Nel suo volume Susan Faludi dedica ampio spazio alla storia di Jessica Lynch, la soldatessa ferita e catturata durante la guerra d’Iraq e presentata dai media come fragile fanciulla predestinata agli abusi sessuali. La Lynch, però, non ricordava affatto di avere subito violenze durante la prigionia e pertanto si oppose a qualunque riferimento a presunti stupri nella biografia che il giornalista Rick Bragg stava scrivendo. Il suo volere fu ignorato perché «la gente deve sapere che è quanto può capitare alle donne soldato». Com’è facile immaginare, il modo in cui Susan Paludi ha analizzato questa e altre recenti vicende non ha ricevuto un’accoglienza benevola. L’ineffabile Michiko Kakutani, per esempio, ha ritenuto di liquidare il libro come un tendenzioso condensato di sciocchezze che può soltanto sortire l’effetto di gettare discredito sul femminismo. Ammesso che ciò sia vero, il problema esiste ed è stato sollevato anche da rappresentanti del sesso opposto. Thomas Keith, professore di filosofia presso la California State University, ha realizzato un documentario dal titolo Generation M: misogny in media and culture nel quale si dimostra come gli atteggiamenti odiosi nei riguardi delle donne costituiscano un aspetto sempre più rilevante della cultura popolare americana.

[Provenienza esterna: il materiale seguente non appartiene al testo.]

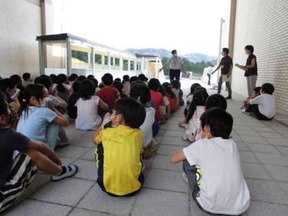 事前にパワーポイントを見て,火事のときに怖いのは火と煙であるということや,避難のときに大切な「お・は・し・も・て」,姿勢を低くしてハンカチで口をおさえて避難するということなどを確かめました。
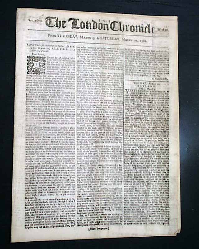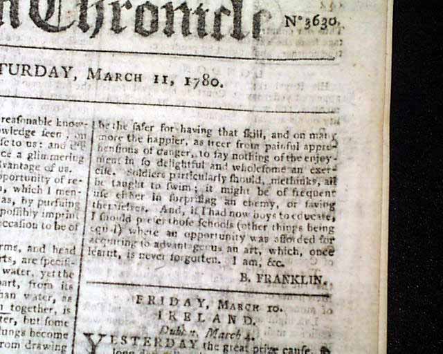 THE LONDON CHRONICLE, England, March 11, 1780 Most of the front page is taken up with an interesting article titled: "Useful Hints for Learning to Swim, By Benjamin Franklin, LL.D.F.R.S In a Letter to a Friend" which is signed by him in type: B. FRANKLIN.
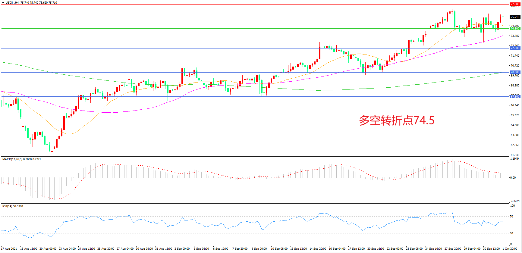 交易策略:在74.50之上看涨,目标77.00                80.00
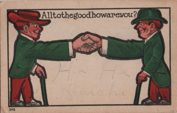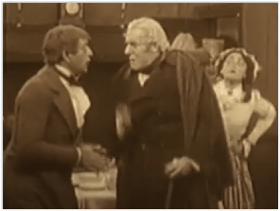 Owen is in a hurry, very jolly. To the maid answering the door, he says, “Hello, my love! Will you tell Mr. Fred I want to see him?” He pinches her chin, too, which she not only accepts, but rather likes, giving him a calculating once-over. “Fred!” “Well, who’s this?” “Your uncle! Your Uncle Scrooge!” “I didn’t know you.” “The smile changes me, doesn’t it?” Fred ushers hi inside, where the guests refuse to believe this CAN be Uncle Scrooge. It’s the smile, they complain, and besides, he said…. “That Christmas was a humbug?” Scrooge demands, “That people who celebrate it are fools? It was stupid of him! He won’t say it again, mark you: he won’t say it again, ever!” He whispers a secret to Bess, the prospective Mrs. Fred; she then whispers the secret to Fred, in great excitement. He also is thrilled, and we shift now to the Cheat Ending seen in the last installment.
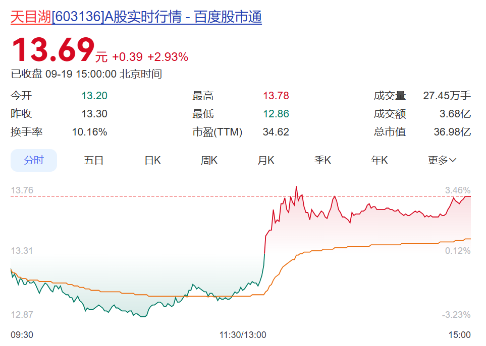 9月19日,天目湖股價先跌后漲,截至收盤漲近3%。
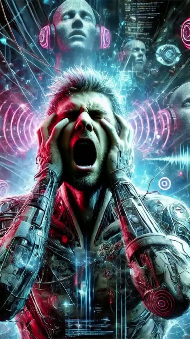 Relentless industrial thrash metal drives the pace with abrasive synthesizer textures and crushing guitar riffs, Guttural growls clash with piercing high screams over pummeling, syncopated drums, A chaotic, effects-laden guitar solo erupts mid-song, fusing precision with noise
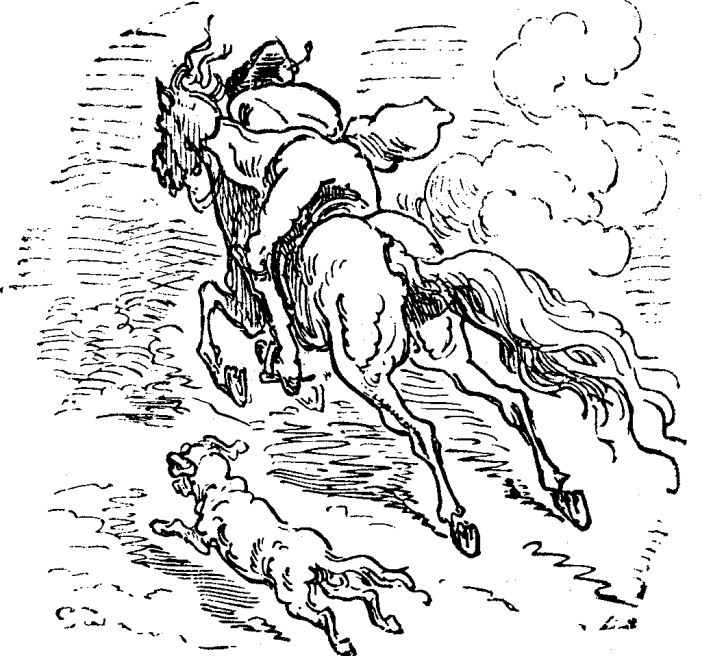 Ĉasante iutage leporon, kiu ŝajnis al mi neordinare granda, mi simpatiis kun mia kompatinda hundino, kiu estis graveda, kaj tamen ĉasis rapide kiel ĉiam. Mi mem povis sekvi surĉevale nur en granda distanco. Subite mi ekaŭdis bruon kvazaŭ venanta de aro da hundoj, tamen ĝi estis tiel malforta kaj malklara, ke mi ne sciis la kaŭzon.

Ma c’è davvero qualcosa di specificamente americano in certe forme di discriminazione? E fino a che punto il fenomeno può essere spiegato come l’inevitabile esito di una società governata dalla mercificazione? In altre parole: fin dove affondano le radici di quello che per Susan Faludi è un «sogno del terrore»? Oltreoceano la misoginia vanta in effetti illustri antenati. Uno dei capolavori assoluti della letteratura americana, Moby Dick, può essere considerato quasi una sorta di manifesto in questo senso. Qualunque presenza femminile è bandita dal romanzo, a meno di non voler dare un sesso al mostruoso protagonista che incombe minaccioso fin dalla prima pagina. In molti hanno ipotizzato che la balena incarni «la grossolanità femminile della materia, un tessuto viscido e appiccicoso» espressione di una natura vorace e tendente al caos. Del resto, il rapporto conflittuale che Melville intratteneva con le donne è un fatto accertato: un ministro di chiesa giunse persino al punto di proporre alla moglie di inscenare un rapimento per sottrarsi ai maltrattamenti cui era soggetta in casa. E anche volendo vedere in Melville un estremo, la letteratura americana classica nel suo complesso appare pervasa da quello che Leslie Fiedler definì a suo tempo il «sacro vincolo matrimoniale tra i maschi». Camille Paglia ha spiegato la messa al bando del principio materno come una conseguenza del ritorno al cristianesimo delle origini che ha ispirato il protestantesimo e il relativo rifiuto del culto della Madonna in quanto pagano retaggio medievale. A ciò andrebbe poi aggiunto che una società invaghita del futuro e in incessante movimento, quale era quella dei pionieri, non poteva non vedere nel simbolo della madre un ingombro, un insidioso invito alla sedentarietà antitetica alla «rettitudine» dell’agire.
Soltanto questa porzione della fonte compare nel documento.